全体とのバランスを取りながら踊るのとはまた違う、ただ一人の舞。
ジェイがその後何度も目にすることになる、女神へささげる祈りだ。
やがてその舞が終わると、真珠はふわりと両手をついて空を見上げた。天から下りていた光の帯が粒子に変わってキラキラと弾ける。その先に、半透明に見える巨大な女神、イザーナの姿があった。
目に映るのが上半身だけとはいえ、空を覆うようなイザーナが両手を差し出すと、アレクと真珠がすっぽりと隠される。
声のような、そうでないような声が聞こえるのは、女神が二人に何か話しているからなのだろう。

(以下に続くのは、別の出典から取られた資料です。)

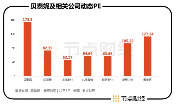 从估值角度看,即便目前贝泰妮已回撤超过30%,其173.5倍(12月3日)的动态PE仍显得有些高。相比之下,A股其他化妆品公司如珀莱雅、上海家化、完美股份等目前估值均在100以下。稍微扩展一下,隔壁同样被资本市场寄予厚望的医美概念股如华熙生物、爱美客等,其动态PE也和贝泰妮有一定的差距。
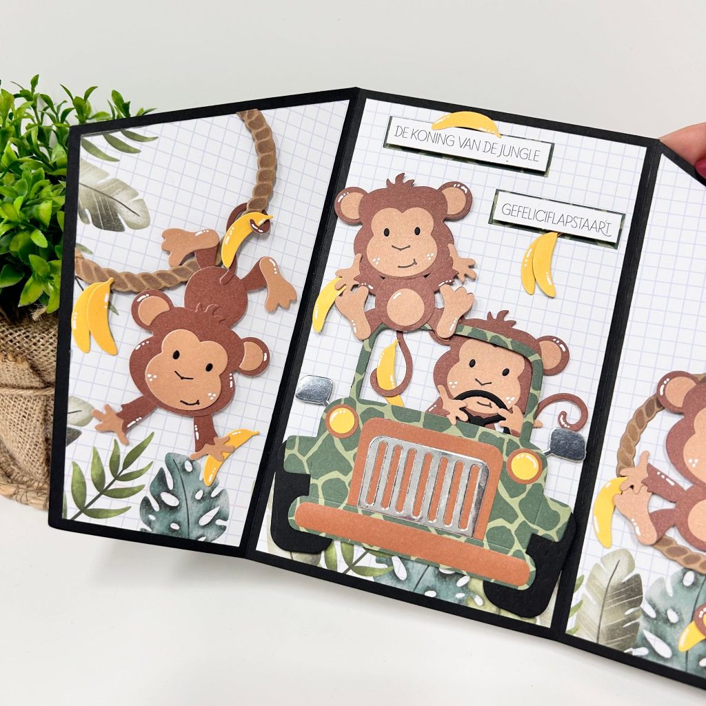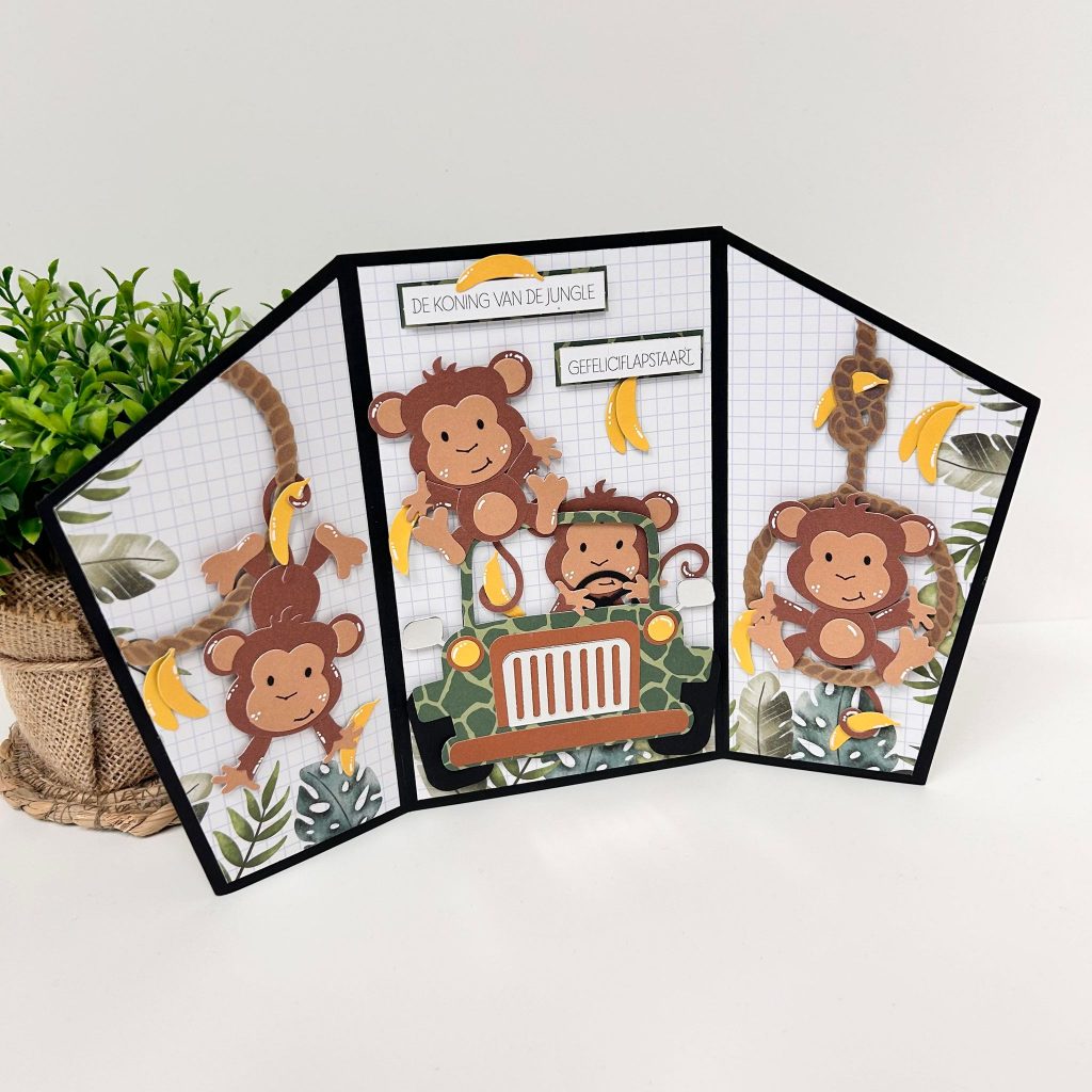 De aapjes van Elizabeth Craft Designs passen ook perfect bij het leuke jungle thema. Voor de basis van onderstaande kaart heeft Gerlinde de fold art mal uit de set welcome to the jungle gebruikt. Het designpapier met de junglebladeren komt ook uit deze set. De touwen waar de aapjes aan zwieren en zwaaien zijn van Marianne Design.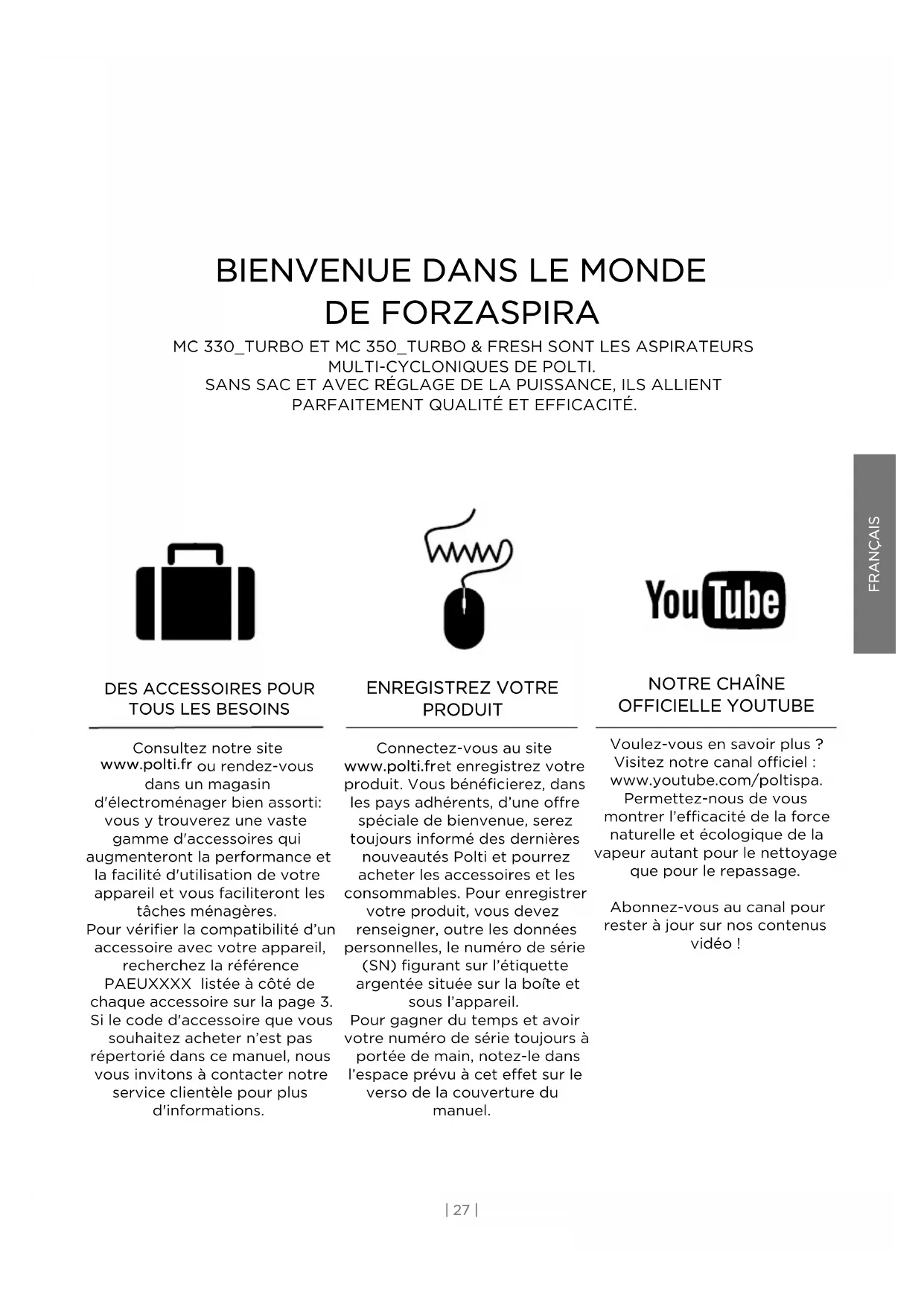 OFFICIELLE YOUTUBE Voulez-vous en savoir plus? Visitez notre canal officiel: www.youtube.com/poltispa. Permettez-nous de vous montrer l’efficacité de la force naturelle et écologique de la vapeur autant pour le nettoyage que pour le repassage. Abonnez-vous au canal pour rester à jour sur nos contenus vidéo! ENREGISTREZ VOTRE PRODUIT Connectez-vous au site www.polti.fr et enregistrez votre produit. Vous bénéficierez, dans les pays adhérents, d’une offre spéciale de bienvenue, serez toujours informé des dernières nouveautés Polti et pourrez acheter les accessoires et les consommables. Pour enregistrer votre produit, vous devez renseigner, outre les données personnelles, le numéro de série (SN) figurant sur l’étiquette argentée située sur la boîte et sous l’appareil. Pour gagner du temps et avoir votre numéro de série toujours à portée de main, notez-le dans l’espace prévu à cet effet sur le verso de la couverture du manuel.FRANÇAIS | 28 |

時間にすれば一分もないその間に、何が起こっていたのかはわからない。
ただ、女神が消えた後、アレクの姿が変わっていた。
「女神より、花嫁に聖女を賜ったぞ」
にやりと笑って真珠を横抱きにするアレク。
一瞬驚いたような顔をした後、にっこり微笑んだ真珠は、ぐるりと周囲を見回した。ほんの一瞬だけジェイと目が合ったような気がしたのは気のせいだろう。
(ああ、だからだったのか)
アレクは男の姿に変わっていた。
体が一回り大きくなり、声も幾分低くなっている。男装しているのとは明らかに違うその姿。
――そう。ジェイにはそう見えていた。
そして、みんなにも。
その奥に本当のアレクが見えるのは、きっと
でも前世の俺のなかで、「王は男だ」と記憶が書き換えられたことを感じた。
そして最敬礼を取りながら、心の奥で膨れようとする恋情を抑え込んだことも。
ジェイの中に不思議なほど嫉妬は感じなかった。王と聖女。それは、あまりにもしっくりする姿だったのだ。胸が痛むほど美しい二人だった。
(真珠さん……)
心の中で諒が彼女を呼ぶ。気づいてほしいと声を出したいのに、彼女に手を伸ばしたいのに、体は全く動かない。
二つの心で相反する思いに、身の内が粉々に砕けそうな気がした。